YOUR GOAL:
Exactly as written, output each of the lines below, with no images.

GIVEN INFORMATION:
________________________________________
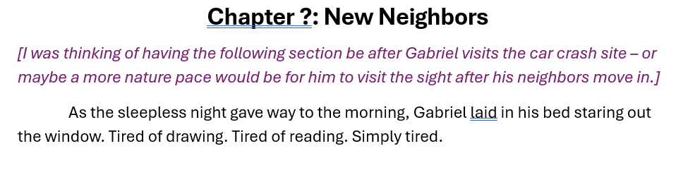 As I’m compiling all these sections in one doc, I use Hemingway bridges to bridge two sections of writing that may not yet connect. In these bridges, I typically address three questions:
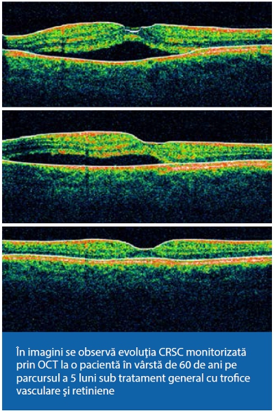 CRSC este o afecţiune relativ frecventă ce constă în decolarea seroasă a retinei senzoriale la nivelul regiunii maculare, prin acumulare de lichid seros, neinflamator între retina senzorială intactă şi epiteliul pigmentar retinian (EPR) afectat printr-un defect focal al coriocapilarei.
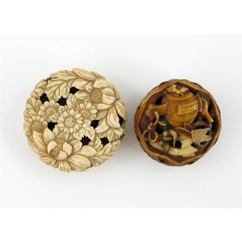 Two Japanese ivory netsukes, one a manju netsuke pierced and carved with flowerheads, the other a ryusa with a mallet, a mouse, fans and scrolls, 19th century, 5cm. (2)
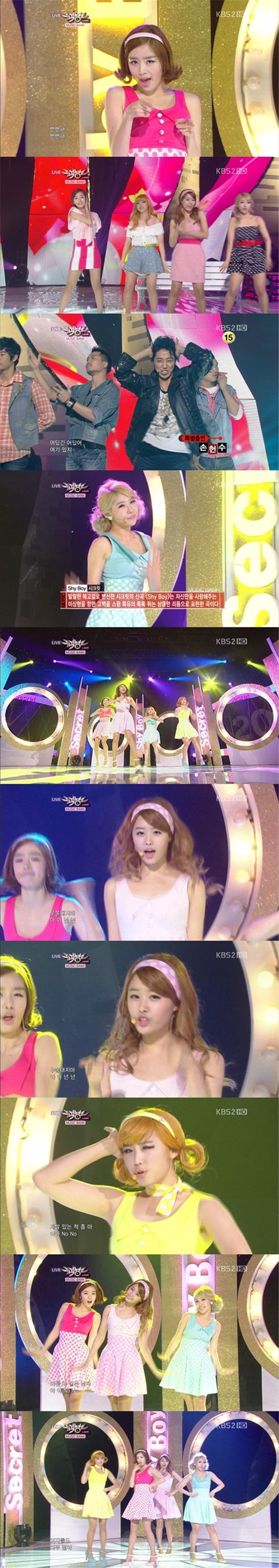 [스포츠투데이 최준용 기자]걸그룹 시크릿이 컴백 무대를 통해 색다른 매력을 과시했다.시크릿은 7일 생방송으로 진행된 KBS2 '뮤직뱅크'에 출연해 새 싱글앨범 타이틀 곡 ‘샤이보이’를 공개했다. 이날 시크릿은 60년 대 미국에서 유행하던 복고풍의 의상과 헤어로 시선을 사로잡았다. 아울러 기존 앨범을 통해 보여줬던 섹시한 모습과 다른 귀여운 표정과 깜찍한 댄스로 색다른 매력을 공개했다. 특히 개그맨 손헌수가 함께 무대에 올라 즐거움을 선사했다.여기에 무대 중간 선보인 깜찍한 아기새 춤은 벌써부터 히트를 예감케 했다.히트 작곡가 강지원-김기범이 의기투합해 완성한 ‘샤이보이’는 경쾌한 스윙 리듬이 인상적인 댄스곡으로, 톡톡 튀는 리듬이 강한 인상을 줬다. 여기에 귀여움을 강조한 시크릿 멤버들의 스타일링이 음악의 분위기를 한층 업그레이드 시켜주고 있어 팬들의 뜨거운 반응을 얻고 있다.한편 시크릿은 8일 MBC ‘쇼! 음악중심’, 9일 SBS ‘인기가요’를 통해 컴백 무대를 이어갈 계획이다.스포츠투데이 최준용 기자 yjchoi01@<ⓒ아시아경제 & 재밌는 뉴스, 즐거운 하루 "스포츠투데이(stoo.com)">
________________________________________
EXERCISE ANSWER:
 As I’m compiling all these sections in one doc, I use Hemingway bridges to bridge two sections of writing that may not yet connect. In these bridges, I typically address three questions:
 CRSC este o afecţiune relativ frecventă ce constă în decolarea seroasă a retinei senzoriale la nivelul regiunii maculare, prin acumulare de lichid seros, neinflamator între retina senzorială intactă şi epiteliul pigmentar retinian (EPR) afectat printr-un defect focal al coriocapilarei.
 Two Japanese ivory netsukes, one a manju netsuke pierced and carved with flowerheads, the other a ryusa with a mallet, a mouse, fans and scrolls, 19th century, 5cm. (2)
 [스포츠투데이 최준용 기자]걸그룹 시크릿이 컴백 무대를 통해 색다른 매력을 과시했다.시크릿은 7일 생방송으로 진행된 KBS2 '뮤직뱅크'에 출연해 새 싱글앨범 타이틀 곡 ‘샤이보이’를 공개했다. 이날 시크릿은 60년 대 미국에서 유행하던 복고풍의 의상과 헤어로 시선을 사로잡았다. 아울러 기존 앨범을 통해 보여줬던 섹시한 모습과 다른 귀여운 표정과 깜찍한 댄스로 색다른 매력을 공개했다. 특히 개그맨 손헌수가 함께 무대에 올라 즐거움을 선사했다.여기에 무대 중간 선보인 깜찍한 아기새 춤은 벌써부터 히트를 예감케 했다.히트 작곡가 강지원-김기범이 의기투합해 완성한 ‘샤이보이’는 경쾌한 스윙 리듬이 인상적인 댄스곡으로, 톡톡 튀는 리듬이 강한 인상을 줬다. 여기에 귀여움을 강조한 시크릿 멤버들의 스타일링이 음악의 분위기를 한층 업그레이드 시켜주고 있어 팬들의 뜨거운 반응을 얻고 있다.한편 시크릿은 8일 MBC ‘쇼! 음악중심’, 9일 SBS ‘인기가요’를 통해 컴백 무대를 이어갈 계획이다.스포츠투데이 최준용 기자 yjchoi01@<ⓒ아시아경제 & 재밌는 뉴스, 즐거운 하루 "스포츠투데이(stoo.com)">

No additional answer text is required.